Dia menjelaskan mangrove memiliki banyak manfaat, selain menjadi habitat ikan dan berbagai biota laut, juga berfungsi meredam gelombang besar seperti tsunami. Karena itu, penanaman 10 ribu mangrove merupakan model mitigasi bencana melalui pendekatan ekologi.
Baca juga: Kapolda Aceh Perkuat Pendekatan Humanis dan Sinergi Daerah “Inisiatif Kapolda Aceh yang menanam 10 ribu tanaman mangrove patut mendapat dukungan dari semua pihak di Aceh. Mangrove itu banyak manfaatnya. Selain tempat tinggal ikan dan jenis binatang laut lainnya, pohon mangrove itu juga bisa mengurai air saat gelombang besar seperti tsunami. Karena itu, inisiasi 10 ribu tanaman mangrove adalah model mitigasi bencana melalui pendekatan ekologi,” ujar Nasir, Selasa (3/3/2026).
Inisiatif tersebut dalam pandangannya bertujuan mendekatkan kembali masyarakat pesisir dengan lingkungannya, khususnya generasi muda yang selama ini mungkin belum banyak memahami pentingnya tanaman mangrove.
Mangrove yang tumbuh dengan baik akan memberikan nilai tambah berupa kualitas udara yang lebih bersih di sekitarnya serta berpotensi menjadi sumber pendapatan desa apabila dikembangkan sebagai kawasan wisata edukasi dan lingkungan.
“Mangrove yang tumbuh dengan baik akan menjadi nilai tambah berupa udara yang bersih di sekitarnya dan juga bisa menjadi income bagi desa yang menjadikan tanaman mangrove sebagai tempat wisata edukasi serta lingkungan,” katanya.
Menurut dia, konsep Green Policing di setiap daerah tentu berbeda-beda, namun memiliki tujuan yang sama yakni menyelamatkan lingkungan dari kerusakan akibat pertambangan maupun penebangan kayu secara liar. Pendekatan Green Policing dapat diadaptasi di berbagai daerah dengan menyesuaikan karakteristik wilayah masing-masing.
Dia menilai inisiatif Kapolda Aceh perlu didukung pemerintah setempat melalui pengalokasian anggaran untuk menjaga kelestarian mangrove, karena menjaga keseimbangan ekologi kawasan pesisir merupakan sebuah keharusan dan langkah awalnya telah dilakukan Kapolda Aceh.
“Inisiatif Kapolda Aceh Irjen Pol Marzuki harus didukung oleh pemerintah setempat dengan cara mengalokasikan dana untuk menjaga kelestarian tanaman mangrove. Menjaga keseimbangan ekologi di kawasan pesisir menjadi keharusan dan Kapolda Aceh telah lakukan inisiatif,” ucapnya.

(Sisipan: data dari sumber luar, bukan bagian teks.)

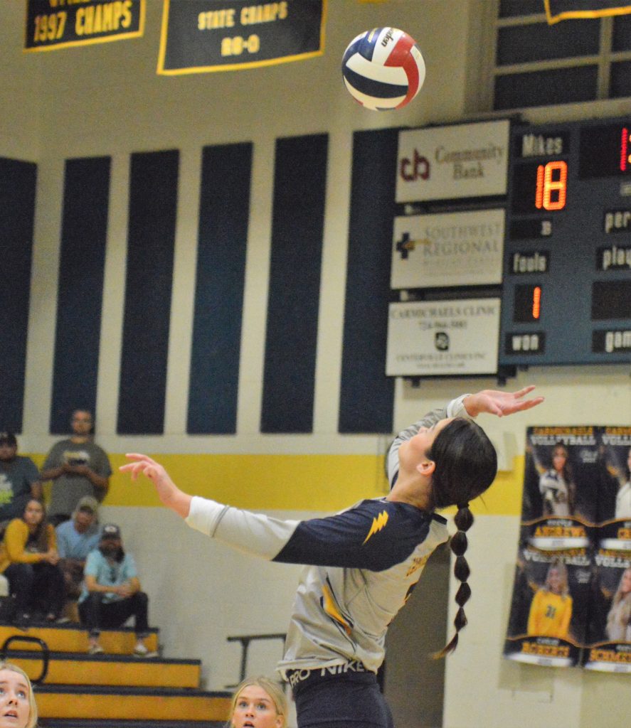 Ellsworth and Beth Cree, who had 18 kills and 15 digs, led the way for the Lady Mikes who also got 10 kills and five blocks from Sophia Zalar, 17 digs and 15 service points from Carlee Roberts, 10 blocks from Ani Cree and two blocks from Mary Schmelzlen.

Sebelumnya, program penanaman 10 ribu mangrove ini dilaksanakan Polda Aceh sebagai wujud komitmen Polisi Hijau dalam mendukung pelestarian lingkungan dan memperkuat ketahanan kawasan pesisir. Penanaman mangrove tersebut dipusatkan di Gampong Alue Naga, Kecamatan Syiah Kuala, Kota Banda Aceh.

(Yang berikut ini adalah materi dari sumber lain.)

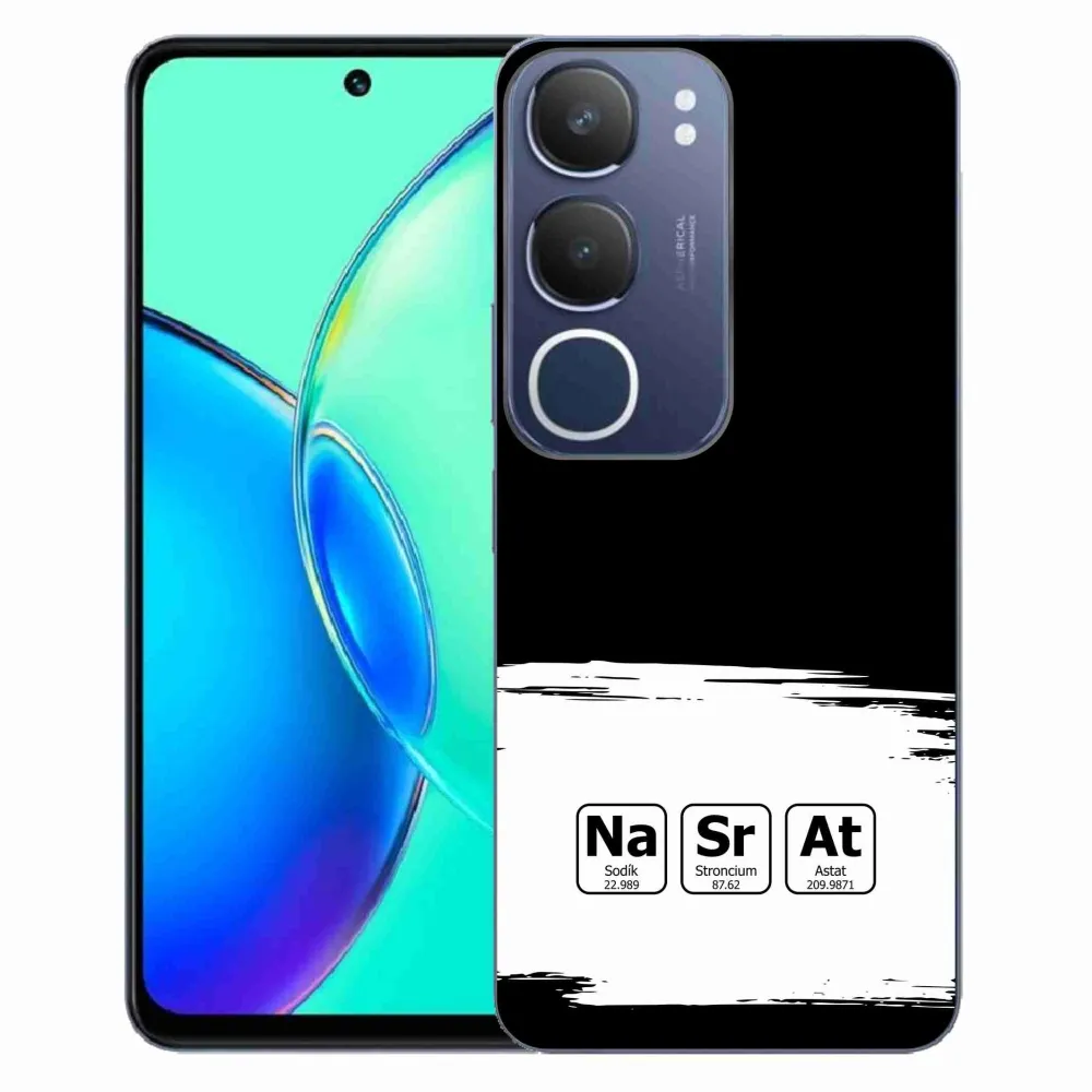 Rugalmas zselés tok mmCase a Vivo Y19s képével - kémiai elemek fehér és fekete háttérrel

Kapolda Aceh Irjen Pol Marzuki Ali Basyah mengatakan, program Polisi Hijau merupakan wujud nyata komitmen Polda Aceh dalam menjaga keseimbangan lingkungan hidup, khususnya kawasan pesisir.
"Kawasan pesisir memiliki peran strategis dalam mitigasi bencana, pencegahan abrasi, serta keberlanjutan kehidupan masyarakat pesisir," ujarnya.
Menurut dia, penanaman mangrove juga merupakan investasi jangka panjang bagi generasi yang akan datang. Mangrove memiliki peran strategis menjaga keseimbangan ekosistem pantai, menjadi habitat berbagai biota laut, sekaligus berfungsi sebagai penyerap karbon dan penghasil oksigen bagi kehidupan.
"Green Policing Polda Aceh diawali dengan penanaman 10 ribu bibit tanaman mangrove. Ke depan, saya memerintahkan seluruh Kapolres dan Kapolresta jajaran di Aceh untuk melaksanakan kegiatan serupa," kata Marzuki.